**0**wrote:

Hello to everyone,

I'm a mathematician and I'm writing a dissertation about the use of different *gene set tests* for the *overrepresentation* of lists of genes coming from several experiments. I'm only considering three (but very different) procedures: *CAMERA*, *ROAST* and *ROMER*, all coming from the *limma* package.

For now I'm focusing on the ROAST procedure and reading the paper by Wu et al. (*ROAST: rotation gene set tests for complex microarray experiments*, 2010) I've learned how the gene set statistics `"mean"`

and `"msq"`

are defined (theoretically). For having some doubt about what was intended (in section 3.3 of the paper) for "weighted mean" (were the weights considered only in the numerator or in the denominator too?) in the `"mean50"`

statistic, I decided to look at the R code: the `roast.default`

function calls `.roastEffects`

, which performs the core tasks of the procedure, and inside of it are defined the test statistics.
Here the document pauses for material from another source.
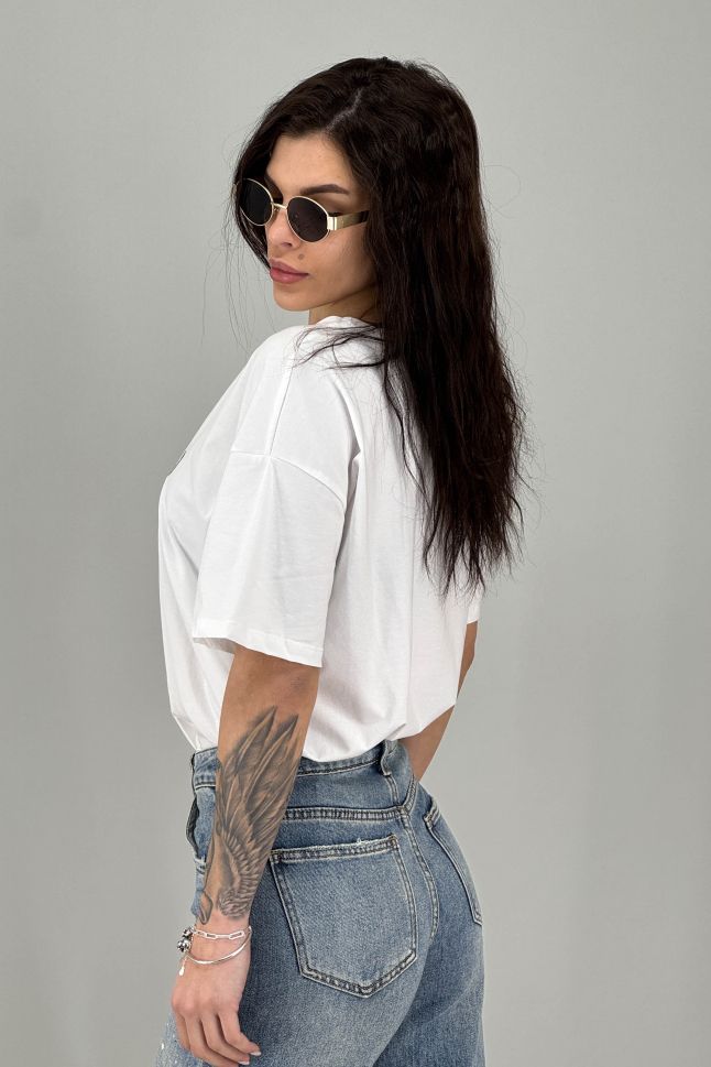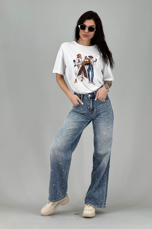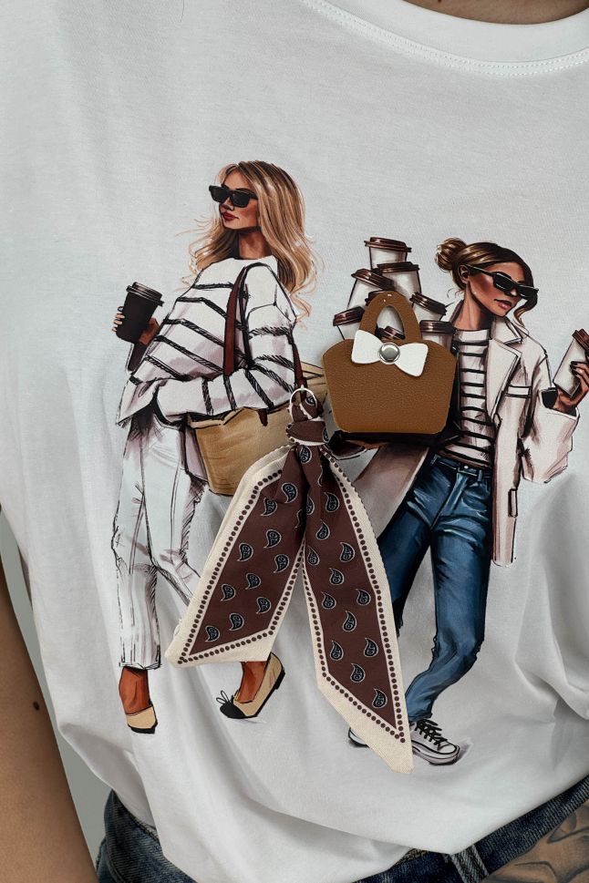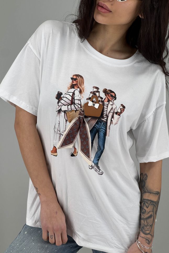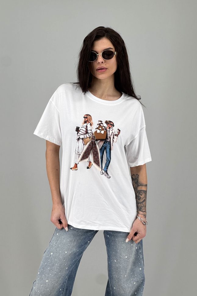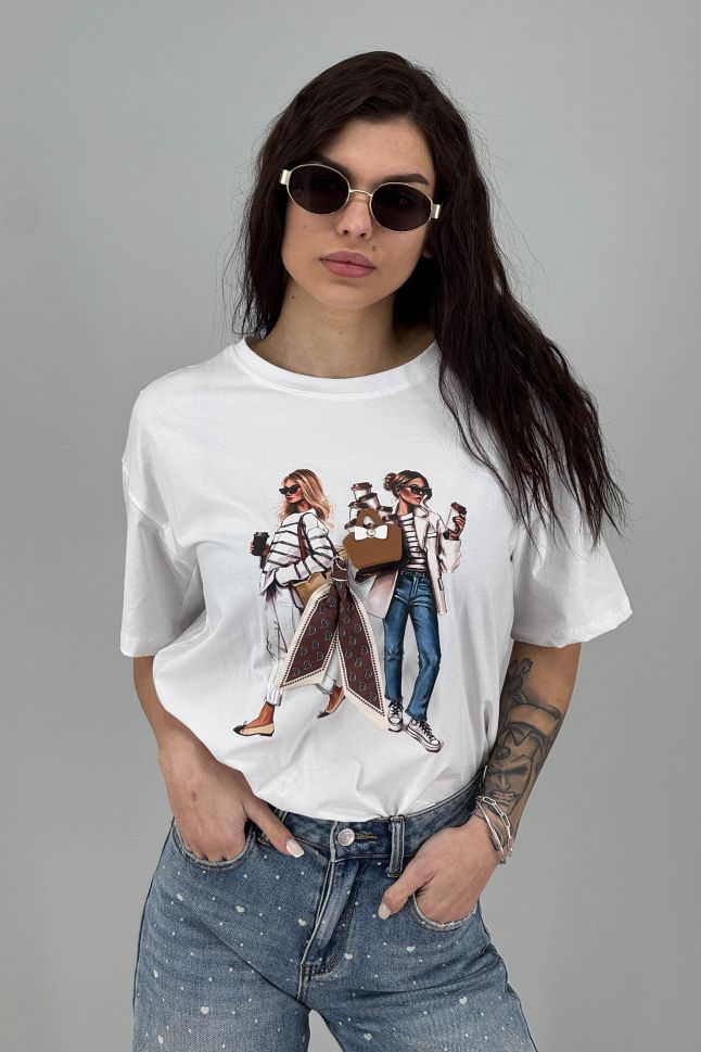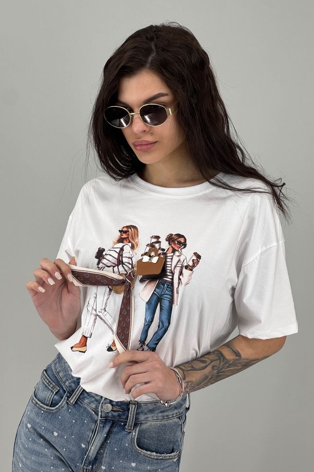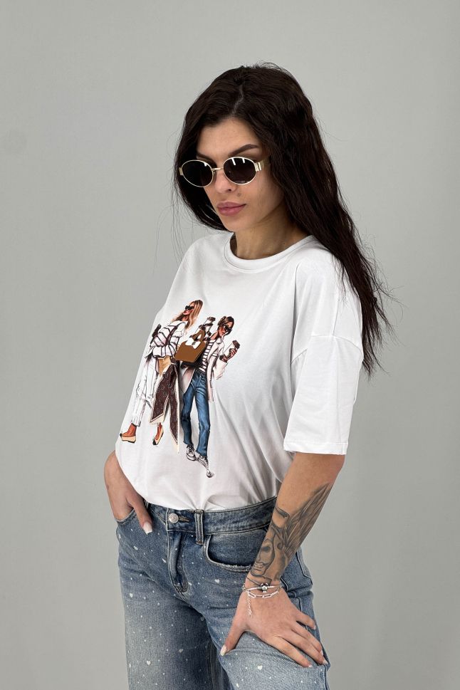 Дамска тениска в илюстративен моден принт

Here I've noticed that `"mean"`

and `"msq"`

are defined as follows:

> limma:::.roastEffects function (effects, gene.weights = NULL, set.statistic = "mean", var.prior, df.prior, var.post, nrot = 999, approx.zscore = TRUE) { ... switch(set.statistic, mean = { if (!is.null(gene.weights)) modt <- gene.weights * modt m <- mean(modt) statobs["down"] <- -m statobs["up"] <- m statobs["mixed"] <- mean(abs(modt)) ... }, msq = { modt2 <- modt^2 if (!is.null(gene.weights)) { modt2 <- abs(gene.weights) * modt2 modt <- gene.weights * modt } statobs["down"] <- sum(modt2[modt < 0])/nset statobs["up"] <- sum(modt2[modt > 0])/nset statobs["upordown"] <- max(statobs[c("down", "up")]) statobs["mixed"] <- mean(modt2) ... }

that is, they are a bit different from how they are defined in the paper: the gene weights are only in the numerator and A, the sum of the absolute values of the weights, is not defined. If we follow what is written in the paper, we would have:

... A <- sum(abs(gene.weights)) mean = { if (!is.null(gene.weights)) modt <- gene.weights * modt m <- sum(modt)/A statobs["down"] <- -m statobs["up"] <- m statobs["mixed"] <- sum(abs(modt))/A ... }, msq = { modt2 <- modt^2 if (!is.null(gene.weights)) { modt2 <- abs(gene.weights) * modt2 modt <- gene.weights * modt } statobs["down"] <- sum(modt2[modt < 0])/A statobs["up"] <- sum(modt2[modt > 0])/A statobs["upordown"] <- max(statobs[c("down", "up")]) statobs["mixed"] <- sum(modt2)/A ...

So my question is: what are the correct definitions? The code ones or the paper ones? Maybe this is a minor thing but I would like to be sure what to write in the dissertation. Thanks in advance for the answer.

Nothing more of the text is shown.